Records for processing:
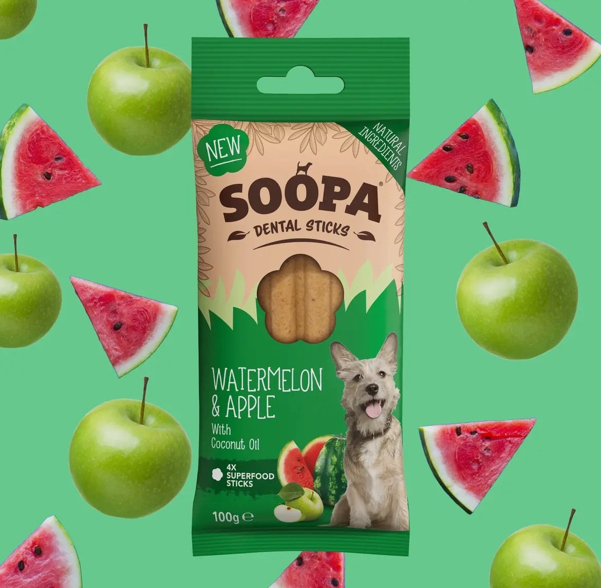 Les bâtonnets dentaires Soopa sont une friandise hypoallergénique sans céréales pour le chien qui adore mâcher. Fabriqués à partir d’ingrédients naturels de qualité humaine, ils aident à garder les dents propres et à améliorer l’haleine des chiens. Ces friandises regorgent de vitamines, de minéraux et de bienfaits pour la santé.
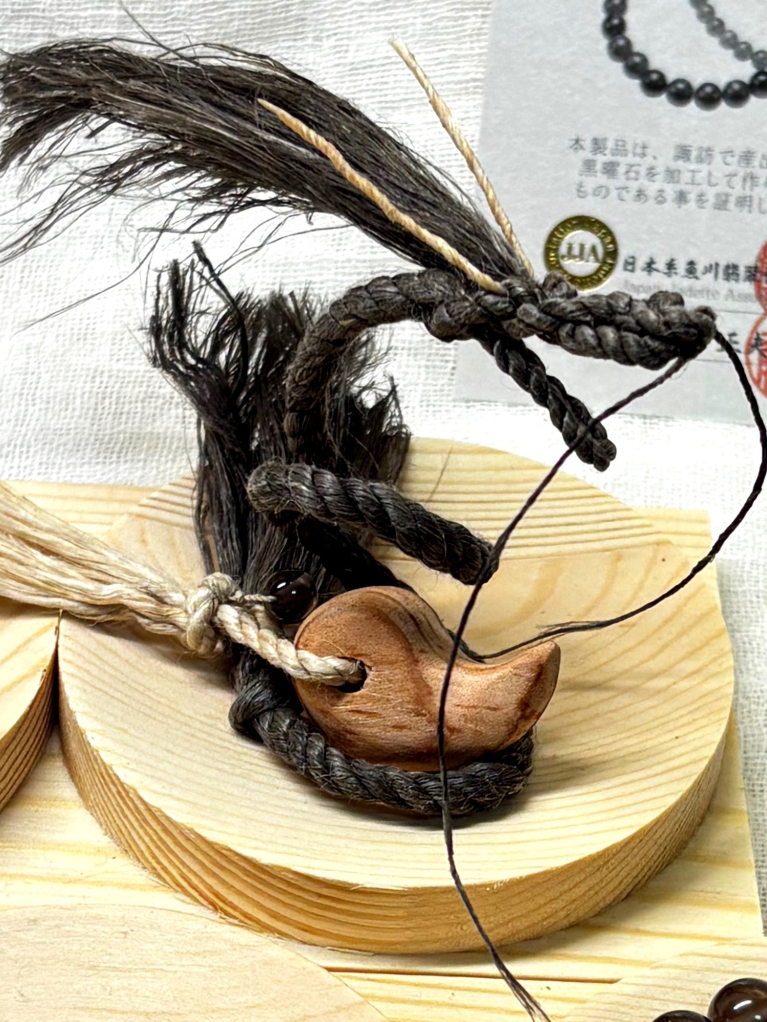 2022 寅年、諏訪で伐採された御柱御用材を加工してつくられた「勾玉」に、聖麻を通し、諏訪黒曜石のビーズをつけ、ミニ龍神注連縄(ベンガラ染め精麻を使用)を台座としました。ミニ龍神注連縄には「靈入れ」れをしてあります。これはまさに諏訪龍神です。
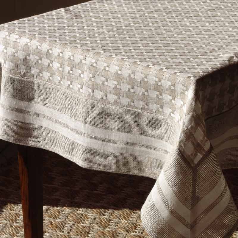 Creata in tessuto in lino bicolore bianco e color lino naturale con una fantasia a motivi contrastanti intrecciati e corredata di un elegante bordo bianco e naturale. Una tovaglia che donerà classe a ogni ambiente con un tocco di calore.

* * *

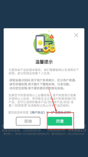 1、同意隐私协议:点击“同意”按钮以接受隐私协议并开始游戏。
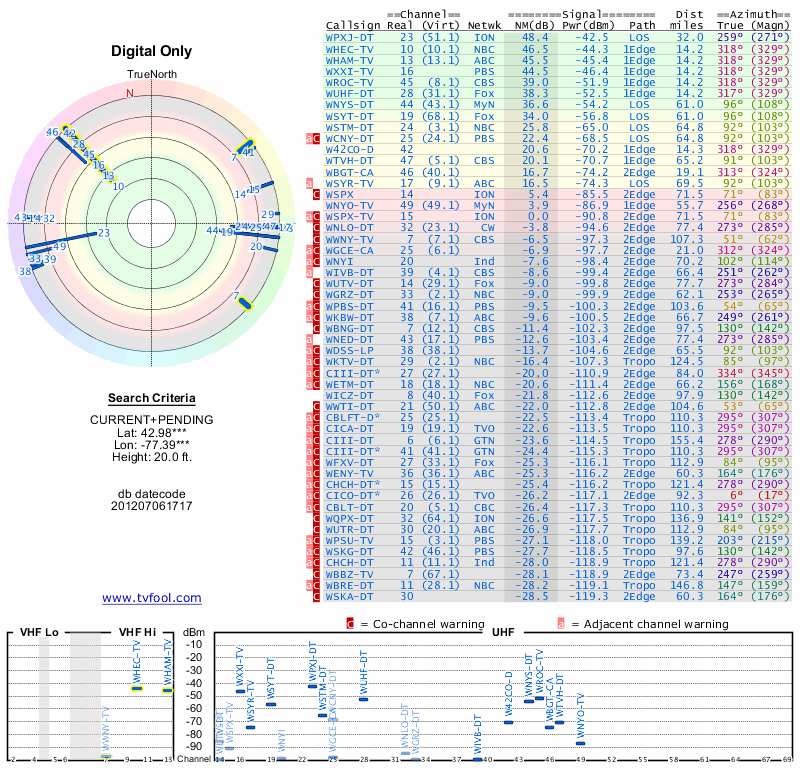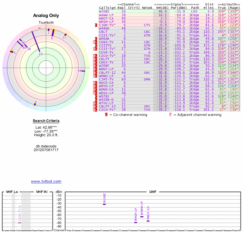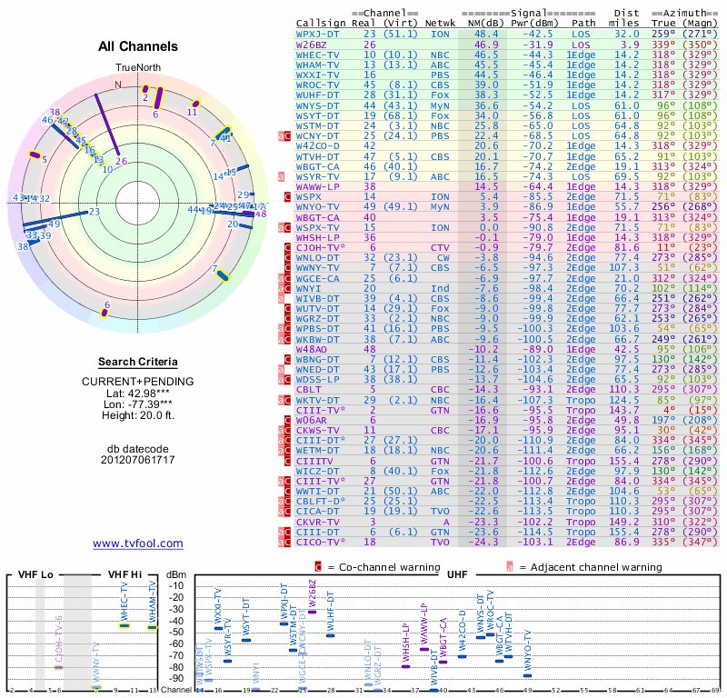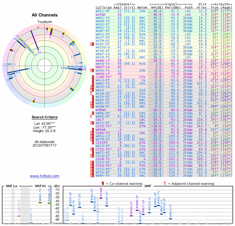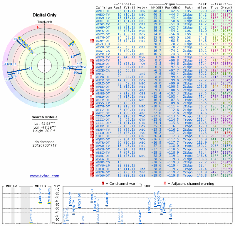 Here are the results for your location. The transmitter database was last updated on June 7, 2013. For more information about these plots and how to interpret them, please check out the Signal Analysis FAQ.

Activity: The expected output is the lines above from the one containing "2022 寅年、諏訪で伐採さ" to the one containing "Creata in tessuto", both ends included, reproduced exactly with every picture left out.

Output below:
 2022 寅年、諏訪で伐採された御柱御用材を加工してつくられた「勾玉」に、聖麻を通し、諏訪黒曜石のビーズをつけ、ミニ龍神注連縄(ベンガラ染め精麻を使用)を台座としました。ミニ龍神注連縄には「靈入れ」れをしてあります。これはまさに諏訪龍神です。
 Creata in tessuto in lino bicolore bianco e color lino naturale con una fantasia a motivi contrastanti intrecciati e corredata di un elegante bordo bianco e naturale. Una tovaglia che donerà classe a ogni ambiente con un tocco di calore.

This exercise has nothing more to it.